ClusterTotal ExternalSecretsReady ExternalSecrets
hub-dc-v766
spoke-dc-v766

Ready ClusterSecretStores on both clusters:

  • vault-r1-eso-smoke
  • vault-r1-oadp
  • vault-r1-rhacs

ClusterSecretStore/vault-platform remained absent on both clusters.

OADP:

ClusterDPABSLScheduleLatest validated backups
hub-dc-v7ReconciledAvailable15 2 * * *platform-resource-daily-20260518003309 completed 10403/10403
spoke-dc-v7ReconciledAvailable45 2 * * *platform-resource-daily-20260518003423 completed 15863/15863

RHACS:

  • hub Central is Available;
  • StackRox pods were Running on hub and spoke;
  • existing scanner-v4 indexer/matcher restart counts were historical and did not change this gate’s outcome.

Vault R1 health:

EndpointHealth HTTP code
30.30.200.35:8200200
30.30.200.36:8200200
30.30.200.37:8200200

Old Vault Preservation

All old and replacement Vault VMs remained running on dl385-2.

VMState
gf-ocp-vault-seed-01running
gf-ocp-vault-01running
gf-ocp-vault-02running
gf-ocp-vault-03running
gf-ocp-vault-r1-seed-01running
gf-ocp-vault-r1-01running
gf-ocp-vault-r1-02running
gf-ocp-vault-r1-03running

Direct old Vault health checks still returned HTTP 200 for:

  • 30.30.200.30
  • 30.30.200.31
  • 30.30.200.32
  • 30.30.200.33

Old VM disk images were not deleted.

Result

Stage 1 retirement cleanup passed.

OpenShift consumers now have no DNS or egress dependency on the old main Vault nodes.

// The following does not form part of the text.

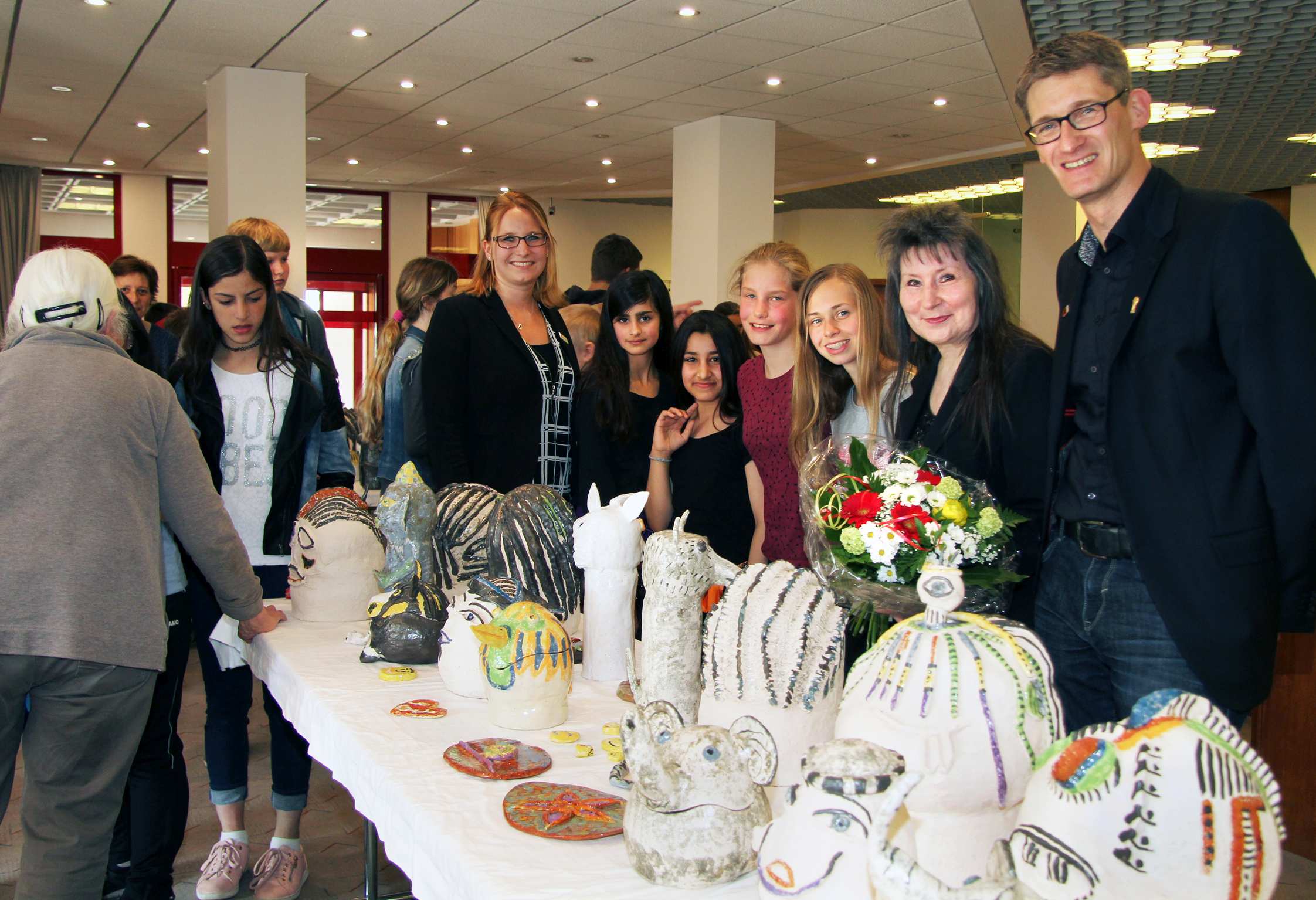 ALPEN. Eine fröhliche Ausstellungseröffnung erlebten Kunden jetzt in der Sparkasse an der Burgstraße. Geschäftsstellenleiterin Kathrin Hüsch begrüßte rund 40 Schülerinnen und Schüler der Sekundarschule Alpen sowie ein gutes Dutzend Eltern und Lehrer, um sich die von den Kindern selbst gemachten Keramiken anzuschauen.

The old seed DNS record, old VMs, and old disk images remain preserved for rollback and forensic retention.

The next gate should be a post-stage-1 soak through the next scheduled OADP backup window. Only after that passes should a separate gate consider powering off old Vault VMs. Disk deletion remains a final explicit retention decision.